Still, swaddling has clear benefits, Jones says. The danger of media coverage suggesting otherwise can make strung out, exhausted parents feel they’ve lost a crucial tool for calming their babies and keeping them asleep.
“The issue really is about reducing crying and increasing sleep,” says Karp, who included swaddling as one of the five strategies he recommends combining to calm crying babies in his book and DVD The Happiest Baby on the Block. (Disclosure: I enthusiastically recommend his evidence-based methods to all new parents because they saved my sanity with two kids.) “Those are the two biggest pain points that new parents have.”
Discouraging a key strategy for addressing crying and poor sleep has been implicated as a risk factor for abusive head trauma, for example, when parents shake or otherwise injure a child out of sleep-deprived desperation.
“You damn well better know that swaddling is a problem before you encourage people to stop it or impugning it as a risk factor,” Karp says. “If, as they say in this article that swaddling has been demonstrated to reduce crying and to increase sleep, then what happens if you stop swaddling is more crying and worse sleep.”
That can then lead to more postpartum and parental depression, more child abuse, more women giving up breast-feeding and more parents resorting to unsafe sleeping arrangements, such as sleeping on the sofa or placing infants on their stomachs, Karp says.
“While they really showed no clear evidence it was a risk factor to swaddle your baby safely, they created this worry that may discourage people from swaddling, which may then have unintended consequences that increase infant deaths,” Karp says. He, like Blair, argues for more research, plus a more “robust academic dialogue” about swaddling within the American Academy of Pediatrics.
In the AAP’s technical report for its policy statement on safe infant sleeping environments, the Academy didn’t issue an official recommendation on swaddling.
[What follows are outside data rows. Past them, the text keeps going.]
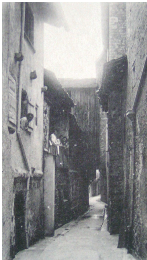
Bief Potet, après sa couverture en 1912
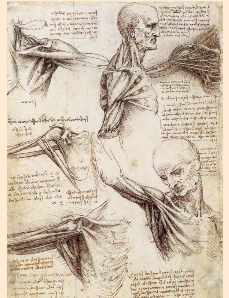
A váll és nyak mozgásainak anatómiai elemzése. 1509–1510 körül. Windsor Castle, Royal Library
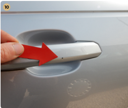
jobb hátsó ajtó
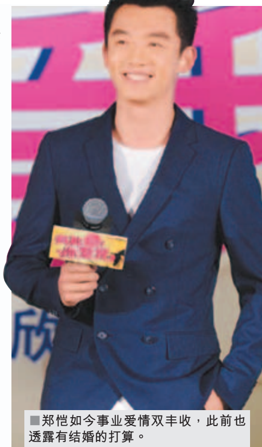
郑恺如今事业爱情双丰收，此前也透露有结婚的打算。

除了《奔跑吧兄弟》，郑恺和刘诗诗主演的新剧也正在热播。谈及关于青春片的自我感受，他认为，青春片就是要有遗憾、悔过和追忆。剧中的肖小军勤劳、能干、聪明、善变通，赢得了不少观众的点赞。人们不禁好奇，郑恺本人的生意头脑怎么样，他也爽快透露，自己在投资理财方面「最大的心得是不买基金和股票」。

Instead the group said, “Although swaddling may be used as a strategy to calm the infant and encourage use of supine position, there is not enough evidence to recommend it as a strategy for reducing the risk of SIDS.” A past AAP article explores the controversy over swaddling among doctors, and the AAP provides guidelines for parents on proper, safe swaddling.
“The upstream issue is crying, exhaustion and feeling incompetent, and that’s where we need to focus our efforts,” Karp says. “If we can teach families to be better at calming babies and getting more sleep, we have a real chance at making a dent on these other serious issues.”